"Heart attack on a plate." This is what I think to myself as I ingest spoonful after spoonful of the mee jawa goreng ('Javanese' fried noodles) served up at an out-of-the-way stall in SS 3.
The vendor expertly wok-tosses thickish yellow noodles with nibs of fried tofu, nubs of tomato, egg, slices of softened red onion, and potato cubes. Speckled with brown, crunchy crumbs of char, this mee jawa goreng is plenty greasy, but greasy-good, good in that way that food you know you really shouldn't be eating (hot dogs with everything, Milky Way bars, the fatty-crispy skin from a roast suckling pig) so often is.

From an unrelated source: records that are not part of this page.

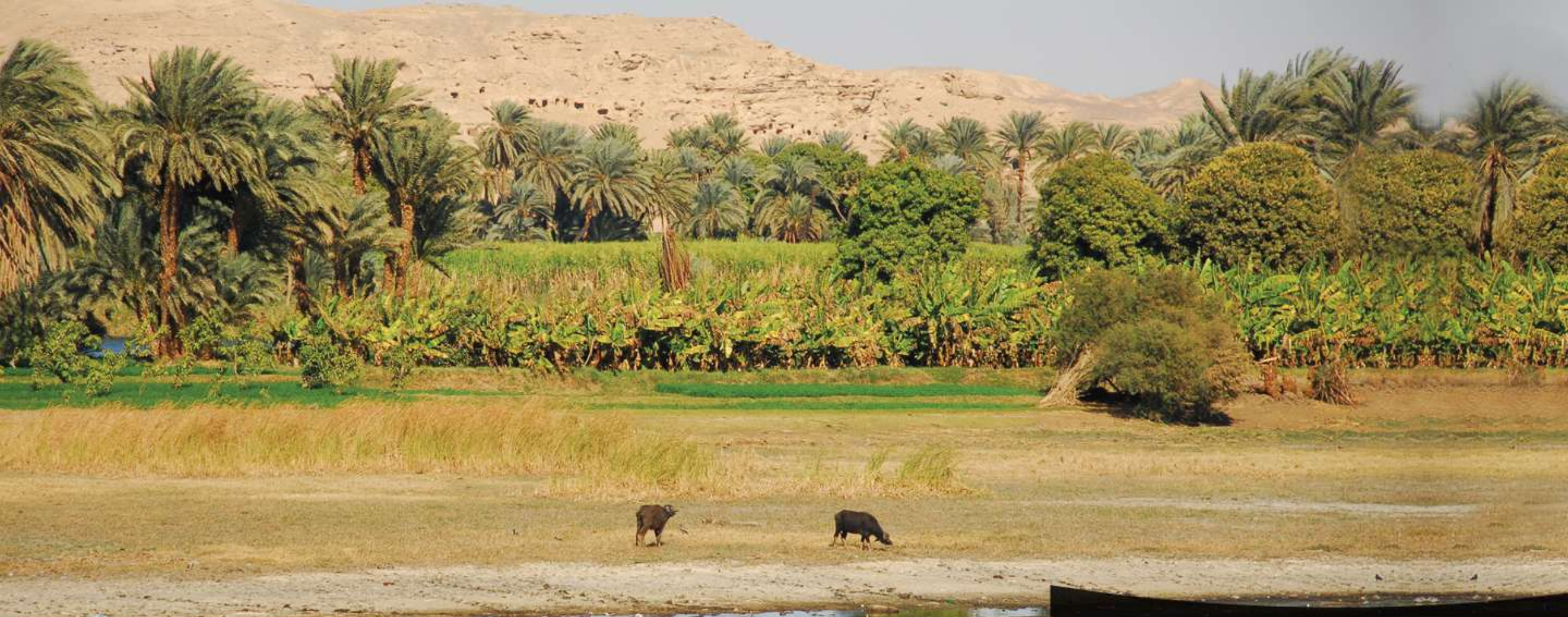
The Nile River, Egypt.
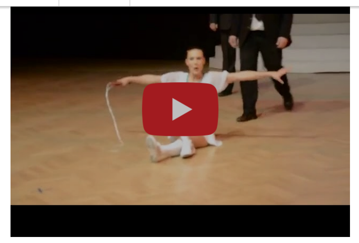
How to use a skipping rope.
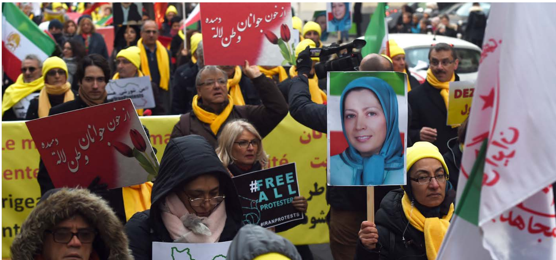
People in Paris, France, demonstrate in support of the uprising and against repression in Iran in December 2019.
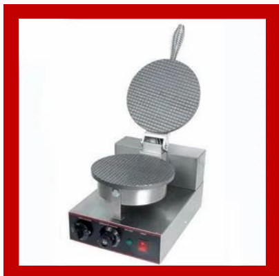
Single Waffle Cone Maker
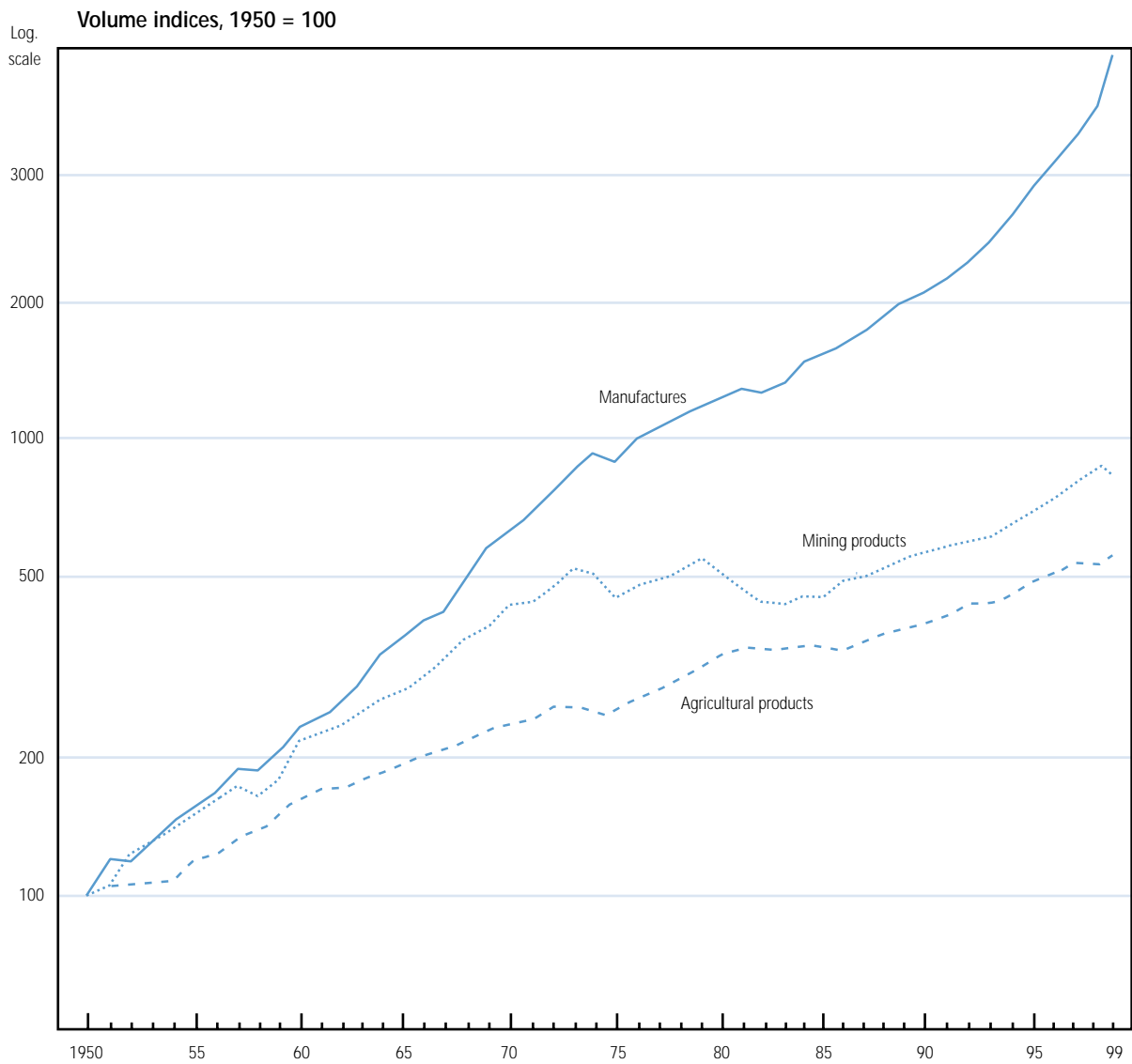
Average Annual Change
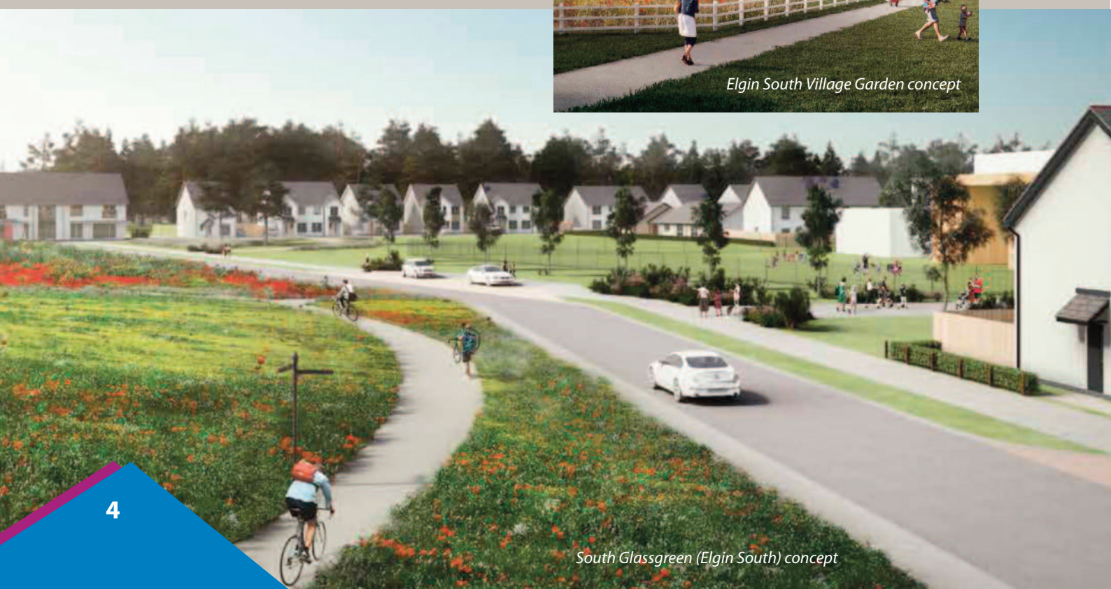
South Glassgreen (Elgin South) concept
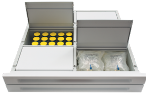
6-Bin Double-Deep Wide

Durable metal locking lids keep medications secure. All drawers include Guiding Lights.
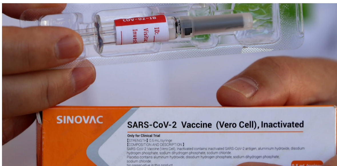
► Georgia is also awaiting other vaccines, including additional doses of AstraZeneca

As of today, Georgia is vaccinating the Georgian population with two vaccines - Pfizer and AstraZeneca. Recently, registration was opened for Sinopharm for anyone above 18. The Georgian population will start receiving the Sinopharm vaccine starting on May 4. As
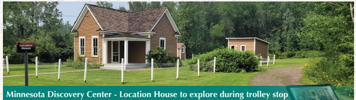
Minnesota Discovery Center - Location House to explore during trolley stop

and to watch a second locomotive being coupled to the train to pull us back to the depot. We'll return home having experienced the Wildlife & Wilderness of Minnesota's Iron Range!
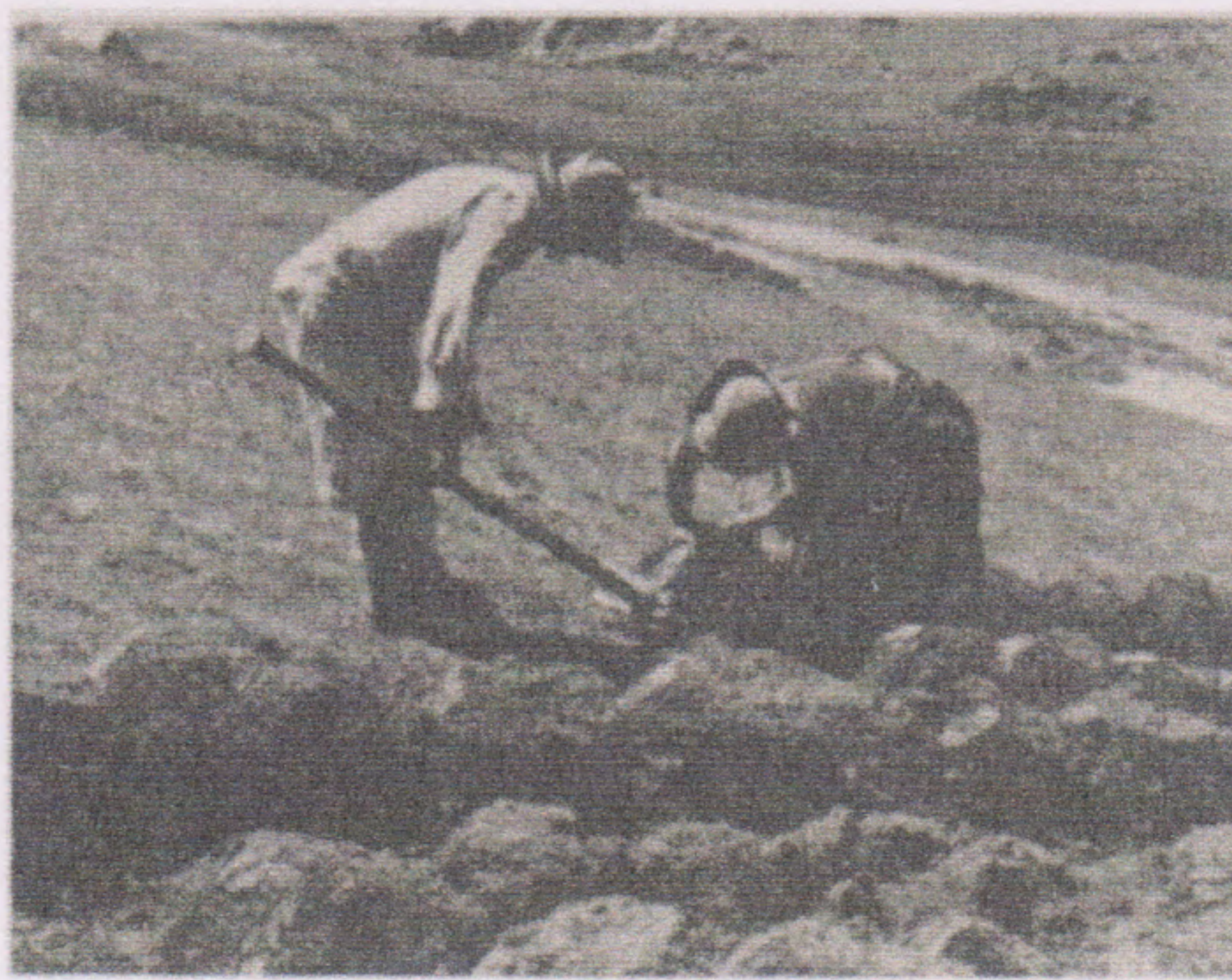
Fig. 1. Quechua Indians using the foot-plow, or "tacla," an instrument used to turn the soil in preparation for planting potatoes. Ceramic models of the footplow are known from the Chimu period (about A.D. 800).

primitive cultigen restricted to the Andes of South America, whereas the second ( S. sparsipilum ) is an aggressive weed that occurs naturally in the cultivated potato fields of Peru and Bolivia. Although the two putative ancestral species put forth by Hawkes do appear to be reasonable choices, and, in fact, are very likely to have been involved in the production of allotetraploids, it is difficult to believe that other diploid taxa, as well as other mechanisms of speciation other than that of amphidiploidy, were not indirectly (if not directly) very much a part of the overall cycle of potato evolution which led ultimately to the appearance of the cultivated tetraploids.

The garnish - wide ribbons of iceberg lettuce - adds a pleasing bit of freshness and texture, but does nothing to lighten the dish, which has also received a serious lashing of tomato catsup. Catsup catches on potato bits, bringing to mind that scrumptious but so-lubricated-it's-toxic staple of hearty, American diner breakfasts: country fries.
So good, and so not good for me. But you only live once.
Mee jawa sup - the soup being more of a gravy than a broth - is lighter but, for my money, just doesn't sparkle. Its ingredients are identical to those of the fried mee and the thickish gravy is richly tomato-y and admirably spicy. Noodles are springy and a bit chewy, not the least bit overcooked.
But as I sample this version I find that the thrill - perhaps the thrill of saying to myself, "The he** with it, I'm gonna eat every last bit of this fat bomb on the plate in front of me, and I'm gonna love it, too." - is gone.
Mee jawa sup and goreng at Restoran Siong Pin, SS 3/31. Open early morning till about 3pm. RM 6.60 for one plate of each.